This commit significantly reworks how capabilities are handled, in particular

with regards to accepting 2 different variants of the same component to appear

in a graph. It is now allowed to have 2 variants of the same component if they

have distinct capabilities.

It shall be reminded that if a variant doesn't explicitly declare any capability,

it is assumed to carry the _implicit capability_, which corresponds to the GAV

of the component. Said differently, by default, all variants of a component

are supposed to be incompatible with each other (they cannot appear in the

same dependency graph).

If 2 variants are indeed compatible, then they _must_ have different capabilities.

This will be used to support optional dependencies, by making it possible to

express that one has to choose a specific set of compatible variants to enable

some feature.

There are however a few issues that needed to be addressed in this commit. First

of all, what we've just described is only true if we use variant-aware selection,

and more specifically attribute-based variant selection. If not, then a legacy

mode is used, and it's possible to have 2 "variants" of a component on the same

graph. This is typically the case when there are dependencies on 2 different

_configurations_ of a project:

   dependencies {

      api project(path: ':foo', configuration: 'conf1')

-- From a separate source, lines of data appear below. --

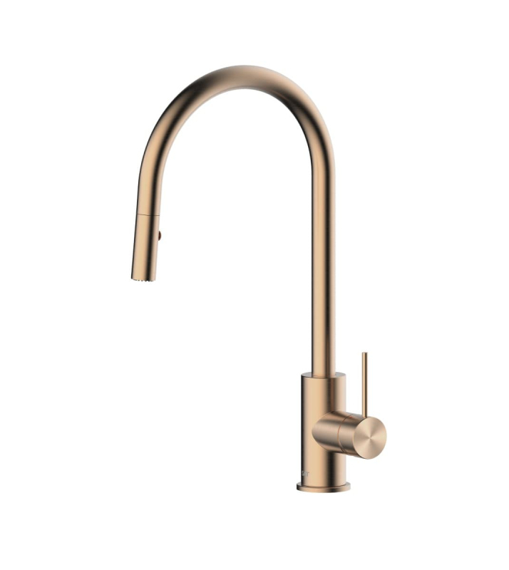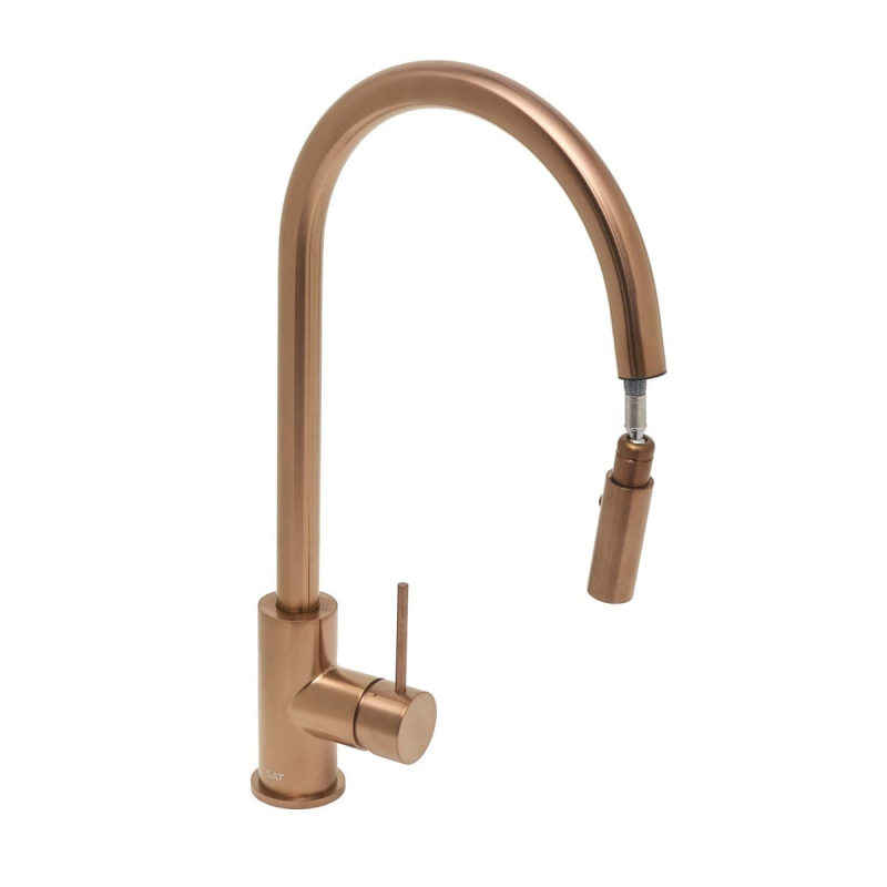 Páková stojanková drezová batéria s vyťahovacou sprškou, 2 prúdy. V okrúhlom dizajne vo farebnom prevedení brúsená rose gold. Výška batérie je 44 cm. Ramienko je vo výške 23,5 cm. S matným povrchom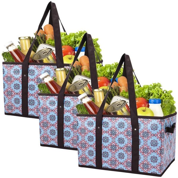 - They fold up flat and tidy for easy storage in your car or kitchen drawer. Rigid structure keeps the bags sturdy and stay in place so nothing slides around in your car. Staying open and upright in your cart and at the checkout makes the loading and unloading groceries easily.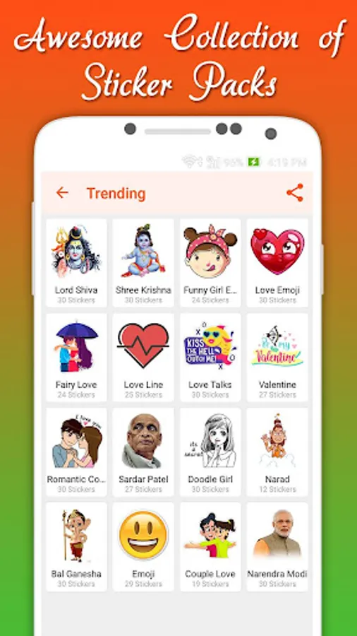 Sticker For WhatsApp app contains almost all categories of stickers and all stickers are wastickerapps compatible which you can share on whatsapp easily.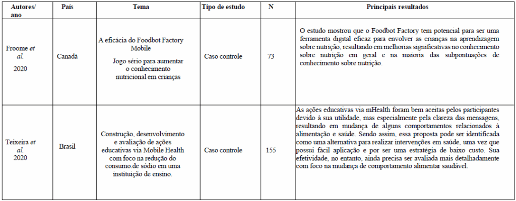 Com a pesquisa bibliográfica nas bases de dados selecionadas neste estudo, pode-se constatar que a quantidade de artigos relacionadas a aplicativos desenvolvidos para a nutrição ainda é baixo, mesmo que esta tendência seja a de se erguer com o avanço da tecnologia e o aumento da dependência do homem moderno ao uso de softwares e tecnologia. Foi possível observar que o desenvolvimento de aplicativos relacionados a esse tema pode influenciar de maneira eficiente a escolha de uma alimentação saudável em públicos gerais ou específicos.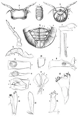 19. ^ Budde-Lund, Gustav (1885). Crustacea Isopoda Terrestria per Familias et Genera et Species (in Latin). Copenhagen: Hauniae, Sumtibus Auctoris. pp. 280–281. doi:10.5962/bhl.title.109769. OCLC 1042907183 – via archive.org.
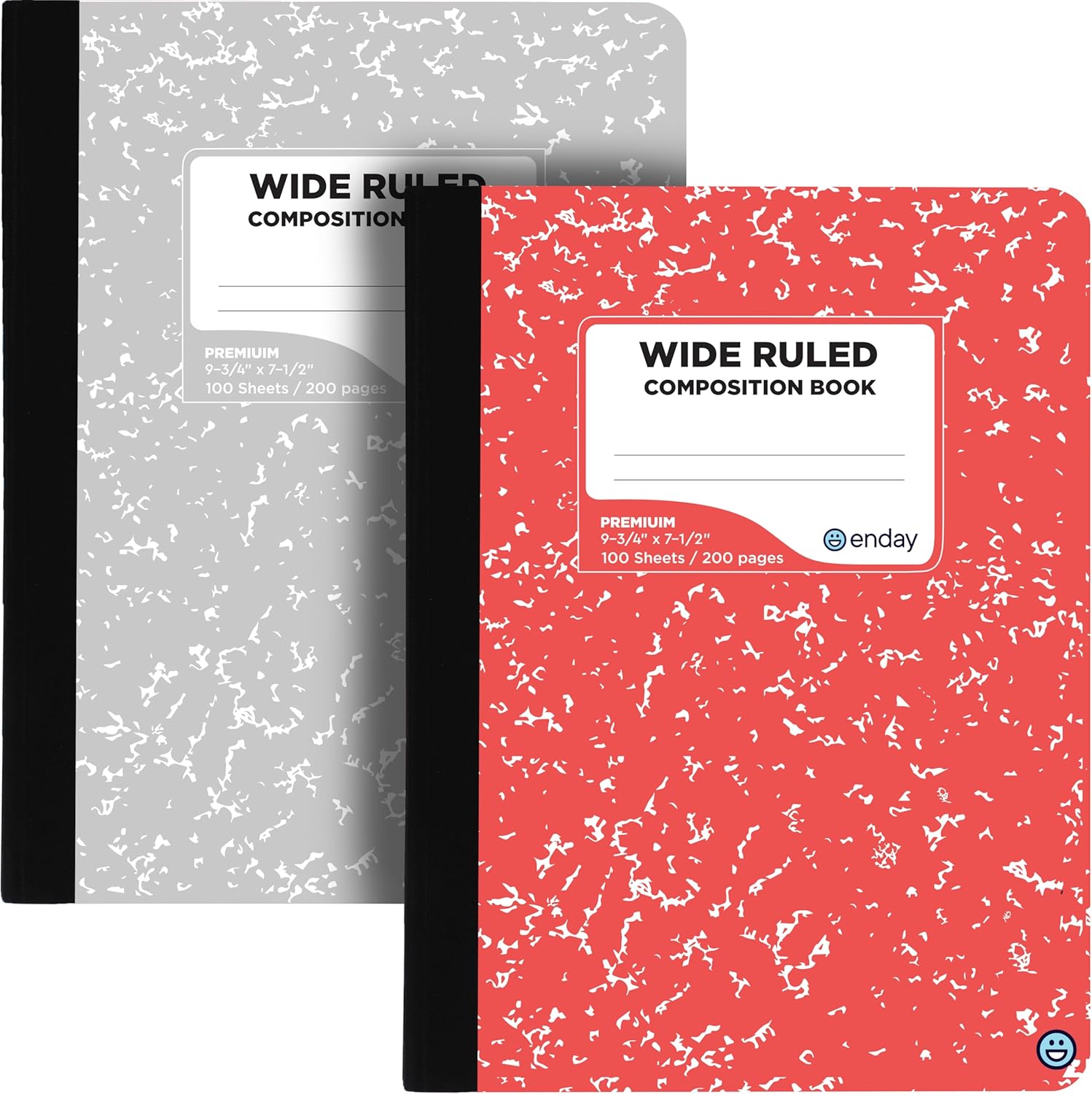 The wide rule composition notebook with durable covers and secure sewn binding keeps the inner white papers clean, dry and protected. The marbled composition notebook wide ruled gives you the ability to manage notes for projects in one place. The bound notebook covers are coated for durability and have a class schedule to keep you on track. Teachers like it because you can't rip out a page without them knowing, this way they can see all your work.

      api project(path: ':foo', configuration: 'conf2')

   }

For backwards compatibility reason, even if the 2 configurations actually

provide the same capability, this is allowed. Another case is when a cycle is

found between a root component and a transitive dependency corresponding to

the same component in a lower version.

Last but not least, in the engine the implicit capability is treated

specially for performance reasons: capability conflict resolution is very

expensive, and adding an explicit capability to all components would trigger

conflict resolution everywhere (to find out if other components provide the

same capability). This leads to some optimizations in the code which are not

necessarily easy to follow, but properly documented.